Kumaon doesn’t have an airport, ergo the Kumaoni Luggage cart doesn’t exist. So how come this topic? Well, Harry Potter doesn’t exist either, so humor me for 380 more words.

In another era as a busy corporate type, I traveled the world a bit. From my travel’s I realized that there is a lot you can learn about a place from its luggage carts. Yes, those boring metal things that float around at airports.

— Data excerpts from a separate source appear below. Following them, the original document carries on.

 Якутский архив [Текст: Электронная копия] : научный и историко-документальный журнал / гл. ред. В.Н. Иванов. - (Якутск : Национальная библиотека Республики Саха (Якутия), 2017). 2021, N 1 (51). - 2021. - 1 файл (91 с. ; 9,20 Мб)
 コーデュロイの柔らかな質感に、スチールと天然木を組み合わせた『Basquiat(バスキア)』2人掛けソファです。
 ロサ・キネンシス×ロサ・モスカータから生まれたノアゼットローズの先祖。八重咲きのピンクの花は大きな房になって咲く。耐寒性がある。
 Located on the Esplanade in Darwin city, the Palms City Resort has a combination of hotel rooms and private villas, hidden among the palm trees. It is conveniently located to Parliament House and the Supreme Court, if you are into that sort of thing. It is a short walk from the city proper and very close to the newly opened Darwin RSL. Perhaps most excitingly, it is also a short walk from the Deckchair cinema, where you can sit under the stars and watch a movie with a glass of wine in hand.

Take Paris – it has the nicest looking luggage carts, except they don’t really work very well. Go to Frankfurt airport – Germany – and you will come across wart-hog ugly carts that look like they were created by battletank designers. But then you see them on an escalator

baggage-cart-chicago
Typical US Luggage cart

– yes, on an escalator – and you realize why they are a marvel of design. Load up a German cart with luggage and walk right onto an escalator – up or down doesn’t matter – and the cart easily gets onto the escalator without a single piece of luggage falling off. And then rolls off effortlessly at the other end (This video is from Geneva, but you get the idea https://www.youtube.com/watch?v=dIVvYekG2nQ  .)  Go to the USA and you will find rather basic luggage carts that carry cheerful messages welcoming you – along with advertising panels selling stuff. And you have to pay to use the cart, of course. Credit cards welcome. Amsterdam has probably the most classy looking snub nosed little carts. Back home in India, our carts don’t move when you push them. Then you realize that you have to press down on the bar. Once the pressure is on we – and the carts – work just fine. Although the occasional squeak is par for the course.

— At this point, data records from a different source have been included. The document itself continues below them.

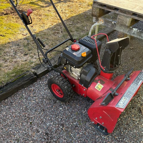 MEEC snöslunga i röd färg. Bensindriven modell , snöintag och justerbar utkastare. Maskinen har grovmönstrade hjul för bättre grepp på snö och is samt handtag med reglage för drift och styrning. Lämplig för röjning av snö på uppfarter, gångar och gårdsplaner. Inköpt de 5 januari och använd i två timmar. Nypris 3900:-. Se spec på Julas hemsida.
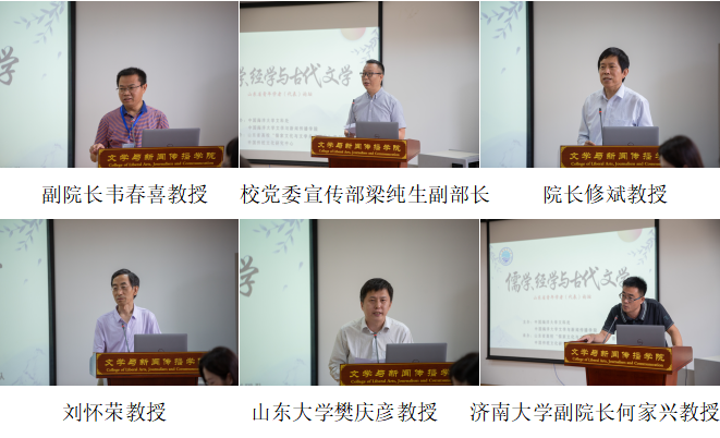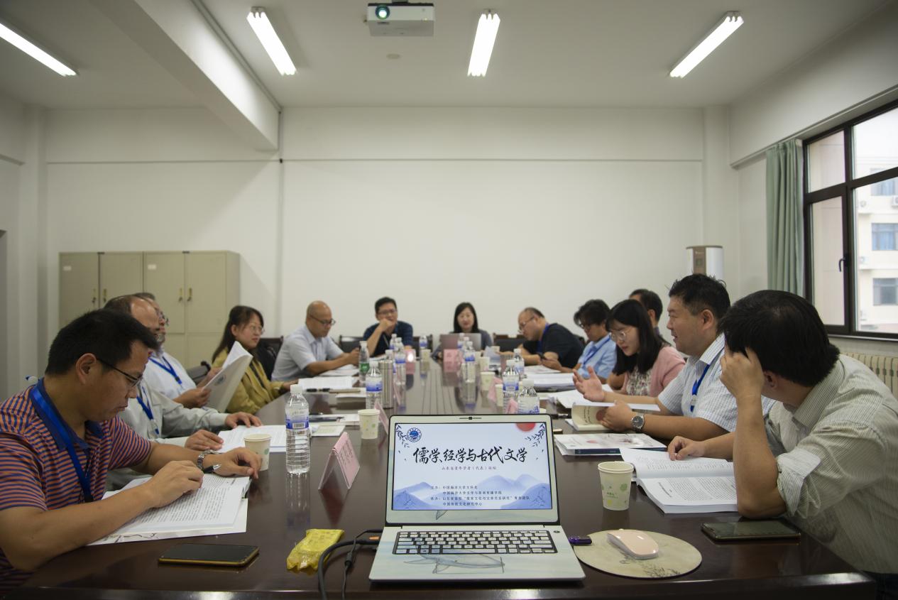 开幕式结束后,到会专家分为两组,在不同的会场进行学术探讨。论坛第一组在文学与新闻传播学院322会议室召开,参与研讨的学者主要有何家兴教授、朱国芳副教授、刘书刚副教授、王鹤琴副教授、宁登国教授、史大丰副教授、孙玲玲博士、刘冰莉副教授、李婧副教授、刘磊教授、吕辛福副教授、郭超颖副教授、徐昌盛副教授、刘少帅博士、孙宝教授、马芳副教授等,所讨论的论文涉及《礼记》《史记》《国语》《诗经》《文心雕龙》等多部文学作品,讨论了楚简韵文、住世罗汉、“鲁学”北渐与齐鲁古道、《游子吟》与孝道文化、易学视角下的阮籍《咏怀诗》创作主旨等多类型的学术问题。
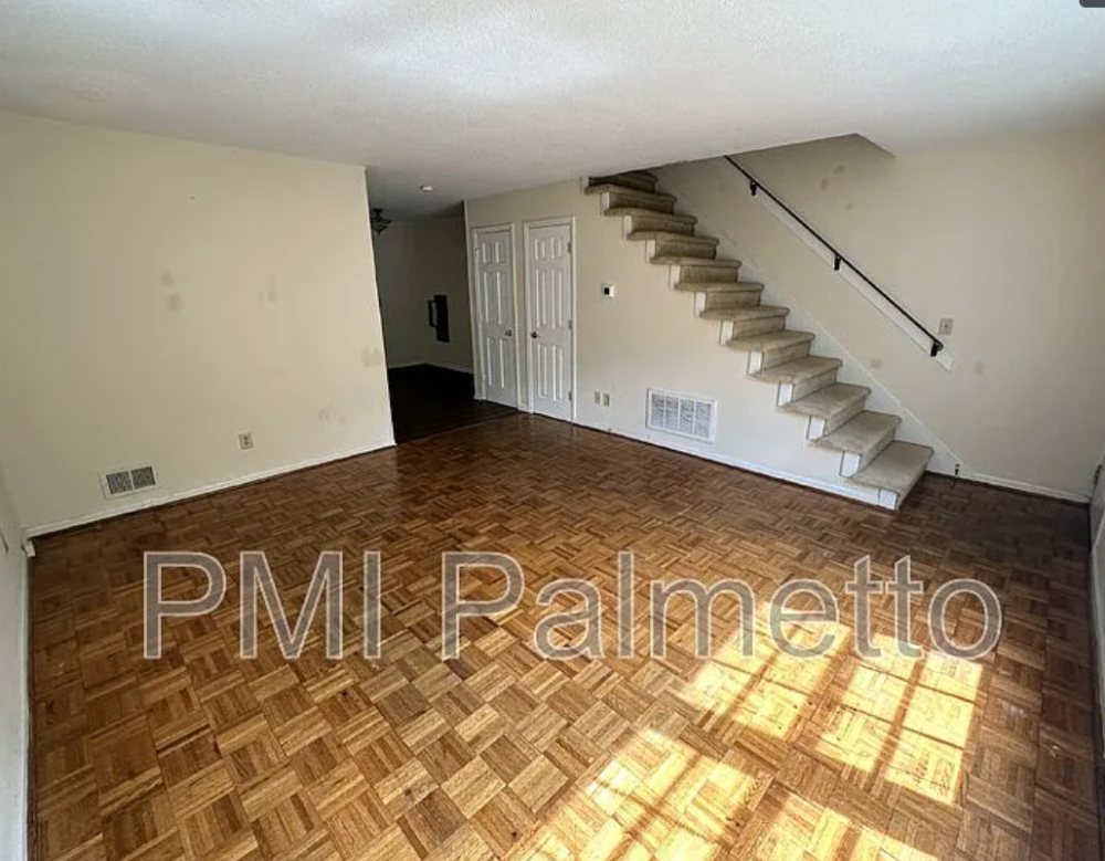Two-bedroom, one and a half bath duplex with parquet flooring in the living room

This whole thing got me thinking about what a Kumaoni luggage cart would be like. In my mind’s eye I imagine something rather old world – probably made out of dark wood. The Kumaoni cart isn’t fast, but people would hand you the cart with a smile, and chat with you for a bit in a sing-song pahadi lilt. The cart will have a small flower vase built in with some fragrant flowers. Maybe a little bird-house as well. No cupholder, though. In Kumaon we sit and drink our tea. What’s the rush? The Kumaoni Luggage cart moves at a comfortable, relaxed pace. It would still get you there, but would make you wonder about the point of travelling anywhere else from here.

Yup, that is about how I imagine a Kumaoni luggage cart.